Mas essa não é a única segmentação visível nas notas do Enem. As instituições com nível socieconômico ‘muito alto’, ‘alto’ e ‘médio alto’ também comportam dois grupos distintos: o das escolas rurais e urbanas, cujos alunos apresentam desempenhos desiguais. Considerando as cinco primeiras colocadas de acordo com a média de seus 30 melhores alunos, nota-se que em linguagens há uma diferença média de 22% na nota, com vantagem para os matriculados na área urbana (veja abaixo).
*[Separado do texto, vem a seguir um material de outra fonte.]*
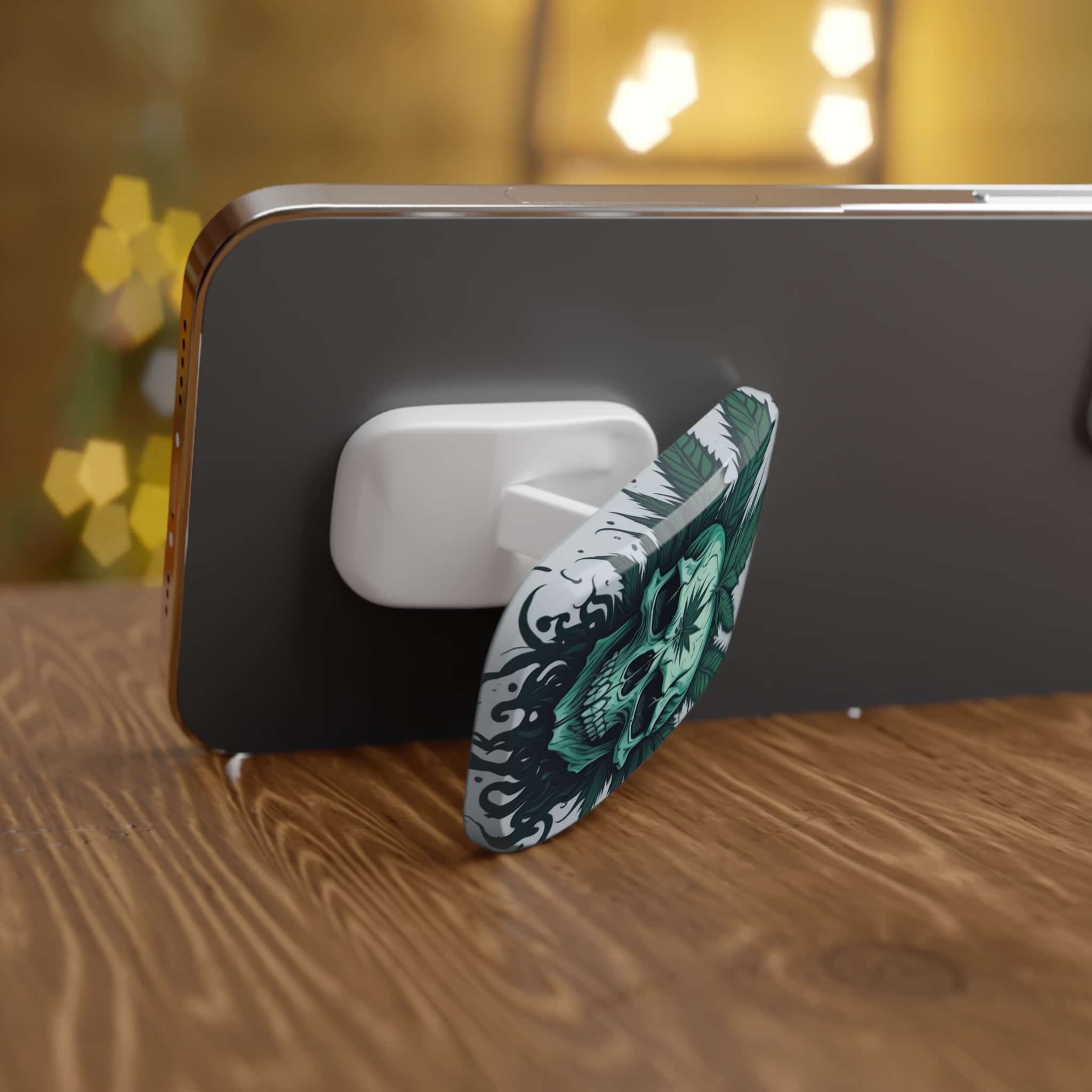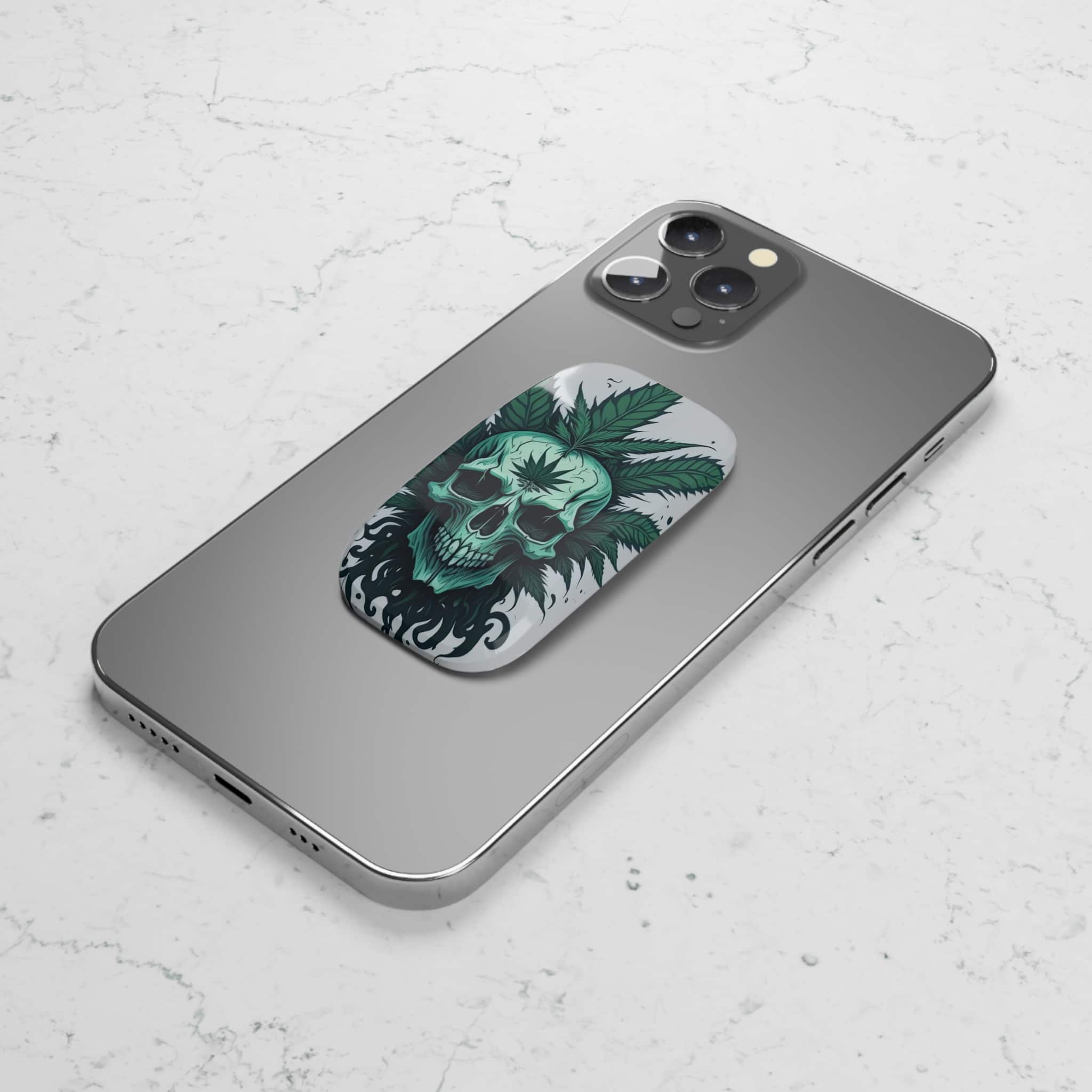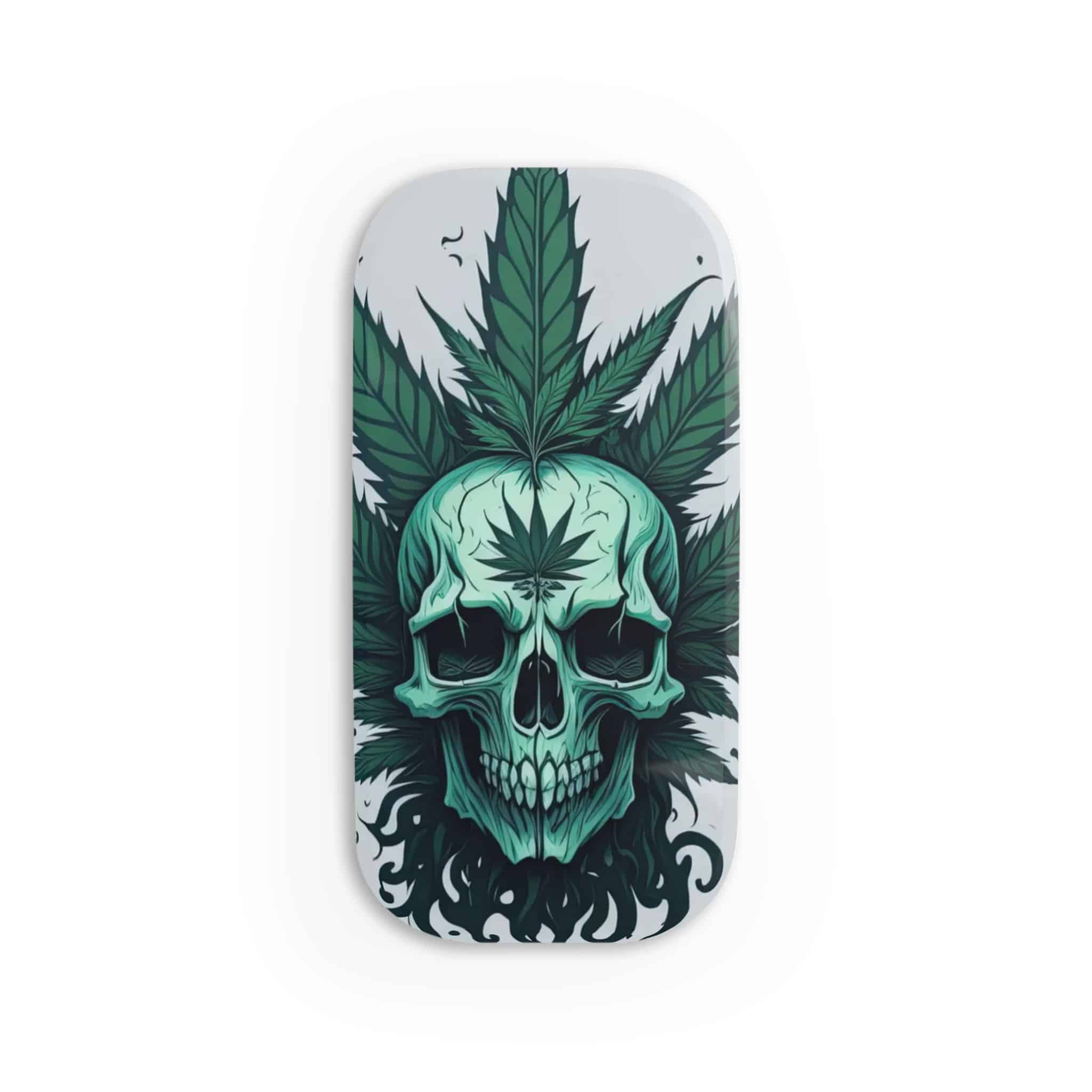 Green skull with cannabis leaves, gothic art style. This phone click-on grip is a versatile mobile accessory designed to enhance your phone experience. Made from durable polycarbonate and metal, this grip serves as both a convenient phone holder and a stable kickstand. 💀🍁

Em redação, esse valor é de 34%, em ciências humanas, 18%; matemática, 37%; e ciências da natureza, 32%. Para uma comparação adequada, foram excluídas as escolas federais, que por contar com recursos e infraestrutura superiores aos das municipais e estaduais, têm usualmente seus resultados analisados separadamente.

O especialista em educação no campo Antonio Munarim avalia que o problema se deve à falta de políticas públicas voltadas para a valorização das escolas rurais. Essa condição, que prejudica as condições de operação dessas instituições, principalmente pela falta de recursos financeiros, impede a retenção de bons professores no campo. “De maneira geral, os educadores associam a migração para o meio urbano como um movimento de ascensão na carreira. A ideia de que o meio rural representa o atraso, e o urbano a civilização ainda não foi superada”, lamenta o professor da Universidade Federal de Santa Catarina (UFSC).  Além disso, há pouca oferta de formação continuada para aqueles que permanecem. “As escolas do campo não têm prioridade e é isso o que possivelmente explica o desempenho inferior de seus alunos no exame”, analisa.